### Items from a data source

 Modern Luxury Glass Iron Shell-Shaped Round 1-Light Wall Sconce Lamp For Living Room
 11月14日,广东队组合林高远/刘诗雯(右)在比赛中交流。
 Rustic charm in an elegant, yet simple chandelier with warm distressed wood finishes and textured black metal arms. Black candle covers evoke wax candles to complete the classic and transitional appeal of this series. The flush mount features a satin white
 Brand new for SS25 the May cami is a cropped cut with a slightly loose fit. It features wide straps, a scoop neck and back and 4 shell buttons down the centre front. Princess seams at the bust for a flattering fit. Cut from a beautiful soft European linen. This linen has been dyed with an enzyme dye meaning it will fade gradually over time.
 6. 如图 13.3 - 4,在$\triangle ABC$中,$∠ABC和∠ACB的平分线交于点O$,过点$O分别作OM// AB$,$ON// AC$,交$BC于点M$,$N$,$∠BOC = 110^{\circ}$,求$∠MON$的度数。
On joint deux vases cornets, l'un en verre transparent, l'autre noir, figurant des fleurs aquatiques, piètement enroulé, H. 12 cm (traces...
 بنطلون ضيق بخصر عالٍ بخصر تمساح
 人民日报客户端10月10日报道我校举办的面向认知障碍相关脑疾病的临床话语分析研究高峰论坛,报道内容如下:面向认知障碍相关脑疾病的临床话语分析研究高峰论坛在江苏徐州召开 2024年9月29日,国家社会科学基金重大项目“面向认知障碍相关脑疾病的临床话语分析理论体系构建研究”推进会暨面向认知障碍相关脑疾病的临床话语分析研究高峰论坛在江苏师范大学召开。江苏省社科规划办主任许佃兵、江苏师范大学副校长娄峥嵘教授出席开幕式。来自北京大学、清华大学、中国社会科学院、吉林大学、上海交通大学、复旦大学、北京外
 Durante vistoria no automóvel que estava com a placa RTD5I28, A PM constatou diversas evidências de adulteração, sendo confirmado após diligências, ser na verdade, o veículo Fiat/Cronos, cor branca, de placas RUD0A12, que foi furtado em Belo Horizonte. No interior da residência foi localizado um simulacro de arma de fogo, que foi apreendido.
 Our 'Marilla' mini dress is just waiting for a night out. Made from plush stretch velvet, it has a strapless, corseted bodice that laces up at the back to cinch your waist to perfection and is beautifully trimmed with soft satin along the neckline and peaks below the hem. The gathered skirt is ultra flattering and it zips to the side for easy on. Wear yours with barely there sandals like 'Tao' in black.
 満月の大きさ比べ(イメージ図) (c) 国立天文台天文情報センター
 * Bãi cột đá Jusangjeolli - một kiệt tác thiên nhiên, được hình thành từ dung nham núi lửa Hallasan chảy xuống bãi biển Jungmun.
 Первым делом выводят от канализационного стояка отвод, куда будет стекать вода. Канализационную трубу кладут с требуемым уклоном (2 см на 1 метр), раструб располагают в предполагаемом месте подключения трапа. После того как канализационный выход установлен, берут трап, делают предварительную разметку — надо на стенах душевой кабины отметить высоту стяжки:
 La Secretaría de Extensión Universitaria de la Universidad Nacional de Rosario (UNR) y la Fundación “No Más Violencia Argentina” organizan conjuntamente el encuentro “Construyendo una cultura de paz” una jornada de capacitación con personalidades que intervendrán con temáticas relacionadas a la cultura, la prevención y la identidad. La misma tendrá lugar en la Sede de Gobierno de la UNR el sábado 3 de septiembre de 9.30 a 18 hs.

### Work instruction
Throughout the records above, find the lines in which the word "soft" appears and return them.

### Exercise output
 Brand new for SS25 the May cami is a cropped cut with a slightly loose fit. It features wide straps, a scoop neck and back and 4 shell buttons down the centre front. Princess seams at the bust for a flattering fit. Cut from a beautiful soft European linen. This linen has been dyed with an enzyme dye meaning it will fade gradually over time.
 Our 'Marilla' mini dress is just waiting for a night out. Made from plush stretch velvet, it has a strapless, corseted bodice that laces up at the back to cinch your waist to perfection and is beautifully trimmed with soft satin along the neckline and peaks below the hem. The gathered skirt is ultra flattering and it zips to the side for easy on. Wear yours with barely there sandals like 'Tao' in black.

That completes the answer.